### Dataset extract

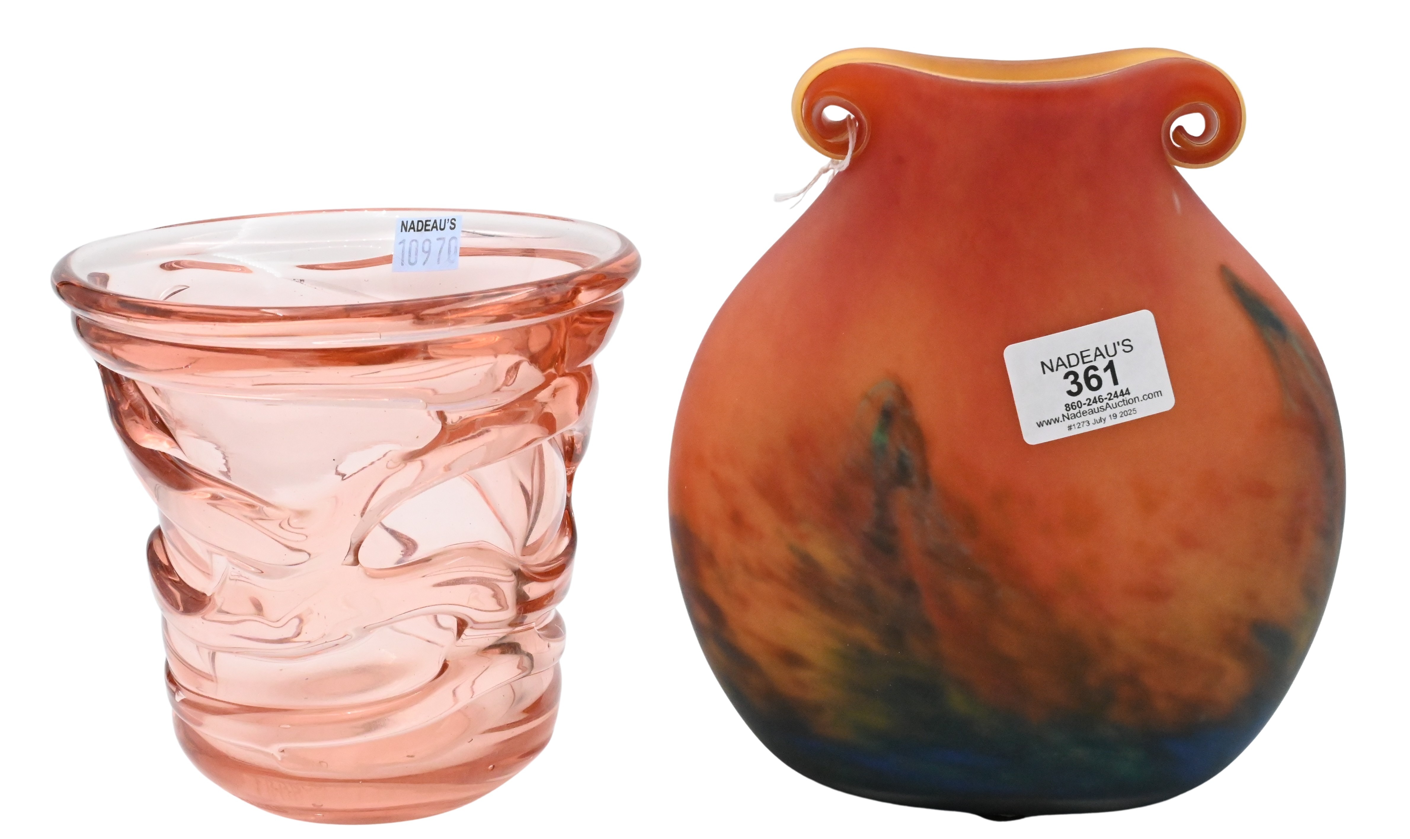 Le Verre Francais matte cased vase having yellow interior with blue base, signed, height 7 1/2 inches, along with pink and clear raised pattern vase signed Schneider France on base, height 5 3/4 inches
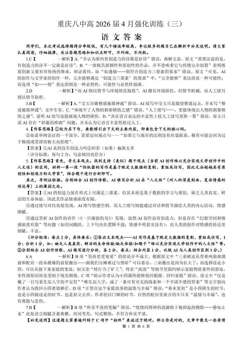 重庆八中高2026届4月强化训练(三)语文答案.pdf
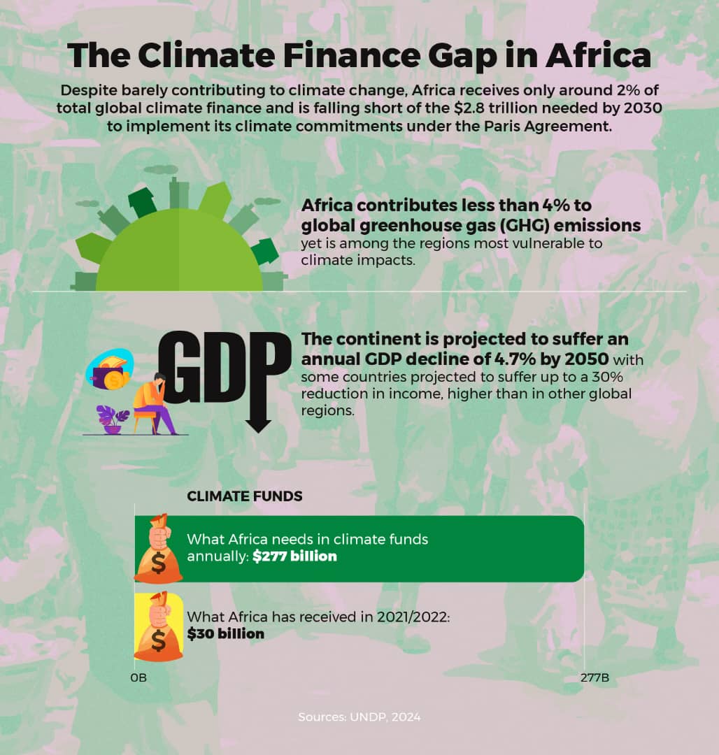 While Africa needs $2.8 trillion by 2030 to meet its climate commitments under the Paris Agreement, only 19% of climate funding received is gender-sensitive, and barely 2% globally is truly targeted toward women.
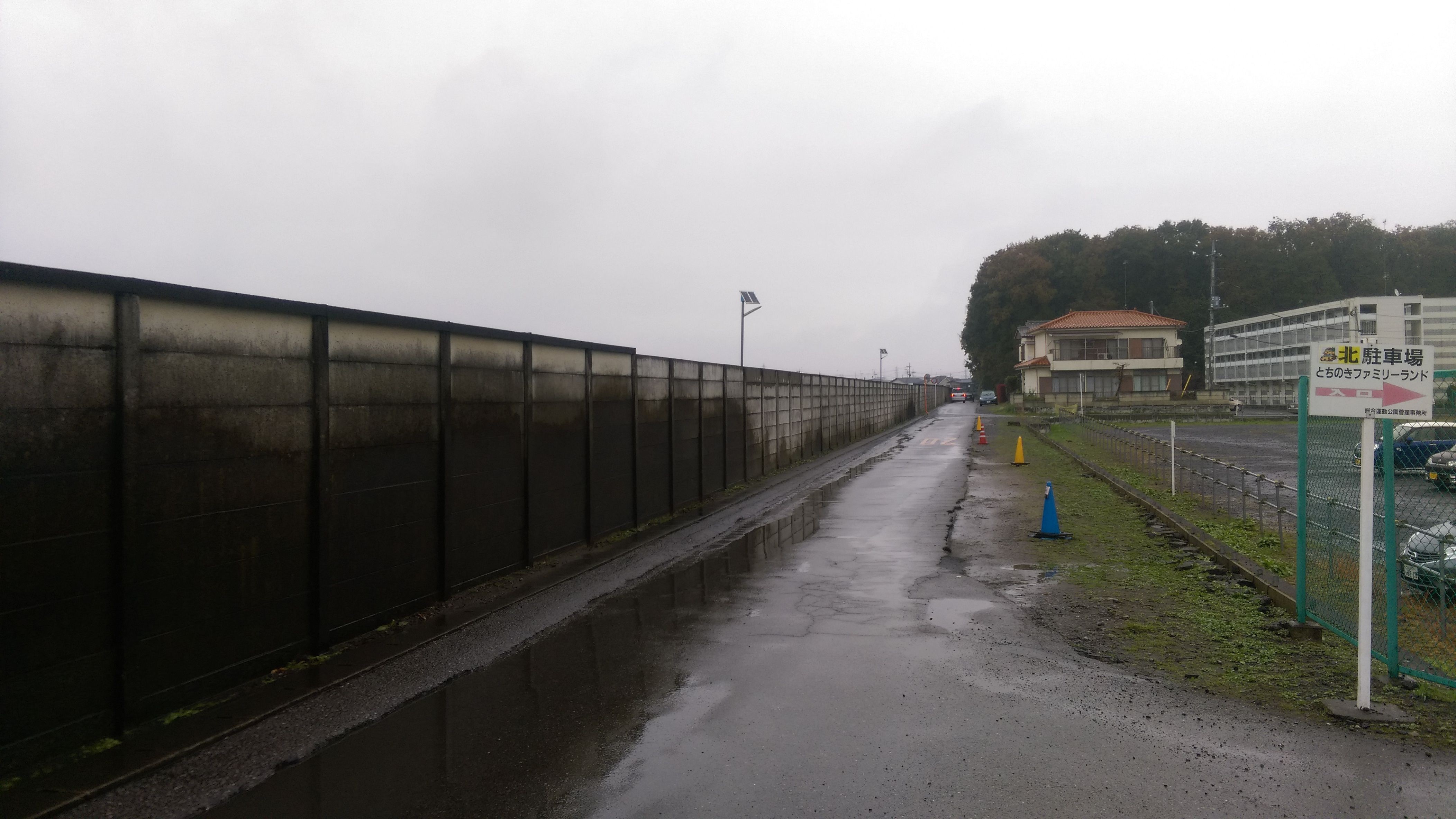 しっかり自覚してからあわててUターン、西川口駅を越えて跡地方面へ車を向けました。ナビには楕円形をした道路が見えていましたのでそこを目指して。実際その道はコース跡ではなく、敷地を壁で囲んだ外周道路。ギリギリ車がすれ違えないくらいの幅でしたので、向こうから来るなーと思いながら周回していきました。
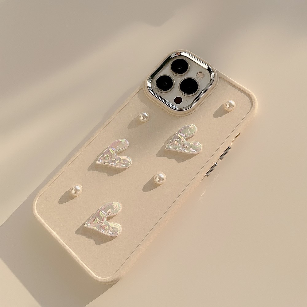 For iPhone 15 Pro Max Case Pearl Heart Aesthetic Shockproof TPU Phone Cover – Beige
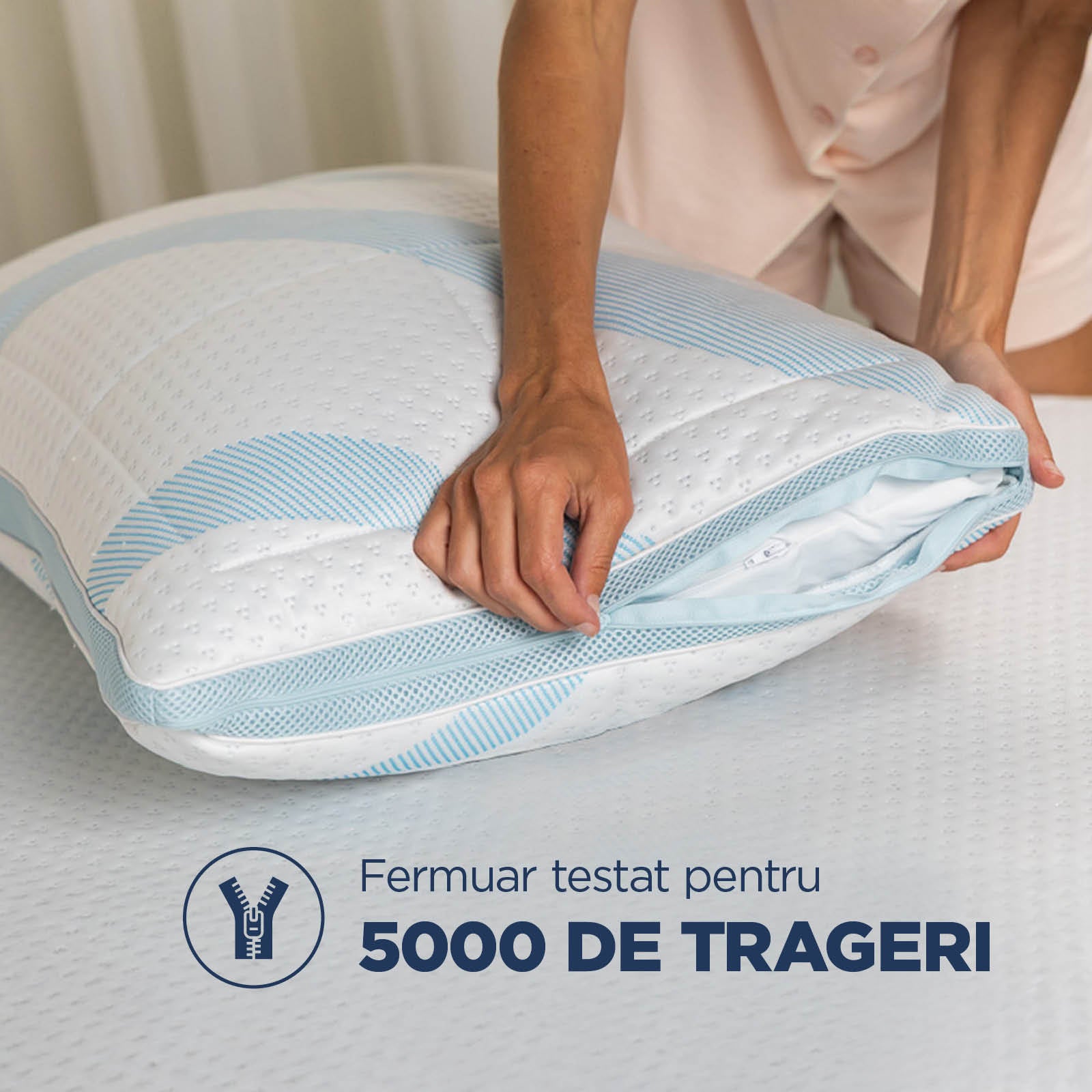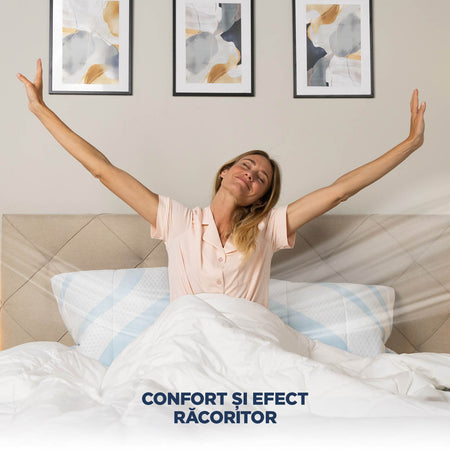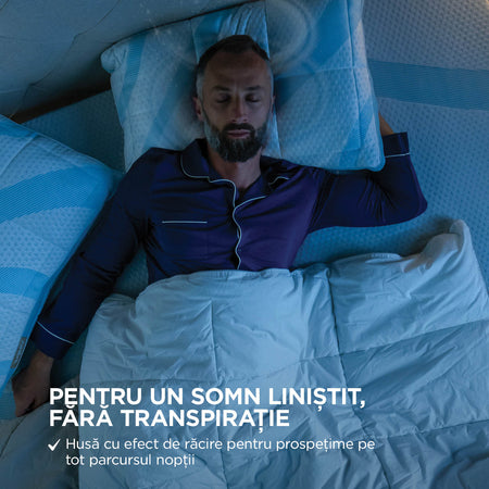 - Husă inovatoare cu efect de răcire, care reglează temperatura și se adaptează corpului, ajutând la prevenirea transpirației în nopțile fierbinți.
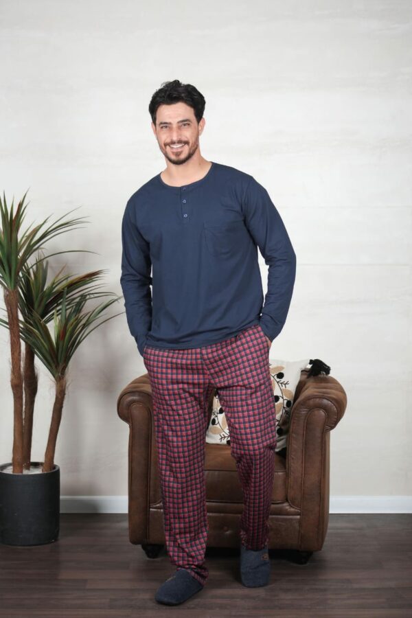 • PYJAMA HOMME PULL ML MARINE PANT IMP CARREAUX ROUGE

######

§ Exercise description
An exact copy of the listing is needed, minus its pictures.

§ Answer box
 Le Verre Francais matte cased vase having yellow interior with blue base, signed, height 7 1/2 inches, along with pink and clear raised pattern vase signed Schneider France on base, height 5 3/4 inches
 重庆八中高2026届4月强化训练(三)语文答案.pdf
 While Africa needs $2.8 trillion by 2030 to meet its climate commitments under the Paris Agreement, only 19% of climate funding received is gender-sensitive, and barely 2% globally is truly targeted toward women.
 しっかり自覚してからあわててUターン、西川口駅を越えて跡地方面へ車を向けました。ナビには楕円形をした道路が見えていましたのでそこを目指して。実際その道はコース跡ではなく、敷地を壁で囲んだ外周道路。ギリギリ車がすれ違えないくらいの幅でしたので、向こうから来るなーと思いながら周回していきました。
 For iPhone 15 Pro Max Case Pearl Heart Aesthetic Shockproof TPU Phone Cover – Beige
 - Husă inovatoare cu efect de răcire, care reglează temperatura și se adaptează corpului, ajutând la prevenirea transpirației în nopțile fierbinți.
 • PYJAMA HOMME PULL ML MARINE PANT IMP CARREAUX ROUGE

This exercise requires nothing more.